Start of Materials provided
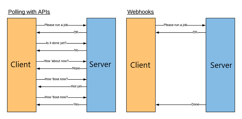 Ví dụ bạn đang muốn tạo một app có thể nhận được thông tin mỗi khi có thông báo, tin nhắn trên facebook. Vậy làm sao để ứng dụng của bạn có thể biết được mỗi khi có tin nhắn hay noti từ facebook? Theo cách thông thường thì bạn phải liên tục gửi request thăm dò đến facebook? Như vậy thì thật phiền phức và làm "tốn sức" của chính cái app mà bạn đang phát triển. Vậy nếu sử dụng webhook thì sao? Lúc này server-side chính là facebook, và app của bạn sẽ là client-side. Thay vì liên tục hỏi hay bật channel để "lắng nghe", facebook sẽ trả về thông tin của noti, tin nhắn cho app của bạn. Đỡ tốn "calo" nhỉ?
End of Materials provided
Start of Materials provided
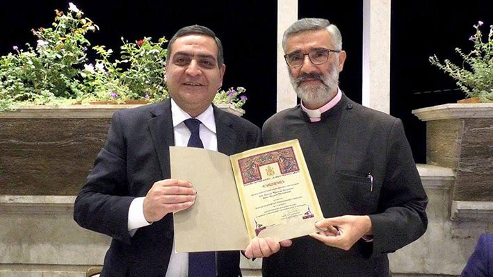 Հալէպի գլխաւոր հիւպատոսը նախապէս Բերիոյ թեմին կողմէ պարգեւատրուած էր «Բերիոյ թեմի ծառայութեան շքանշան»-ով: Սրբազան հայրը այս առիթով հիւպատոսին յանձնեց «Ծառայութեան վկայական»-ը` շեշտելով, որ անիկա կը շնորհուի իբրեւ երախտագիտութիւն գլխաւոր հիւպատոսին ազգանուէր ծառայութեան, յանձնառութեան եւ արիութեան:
End of Materials provided
Start of Materials provided
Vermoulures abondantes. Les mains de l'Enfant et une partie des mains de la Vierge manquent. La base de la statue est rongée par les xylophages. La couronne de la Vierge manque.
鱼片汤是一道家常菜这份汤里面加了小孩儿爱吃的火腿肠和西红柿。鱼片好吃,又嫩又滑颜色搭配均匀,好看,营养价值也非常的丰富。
End of Materials provided
### Work order
Once you reach the line with "Vermoulures abondantes. Les" in the data above, copy it and every line after it exactly, up to and including the line with "鱼片汤是一道家常菜这份汤里面".

### Answer box
Vermoulures abondantes. Les mains de l'Enfant et une partie des mains de la Vierge manquent. La base de la statue est rongée par les xylophages. La couronne de la Vierge manque.
鱼片汤是一道家常菜这份汤里面加了小孩儿爱吃的火腿肠和西红柿。鱼片好吃,又嫩又滑颜色搭配均匀,好看,营养价值也非常的丰富。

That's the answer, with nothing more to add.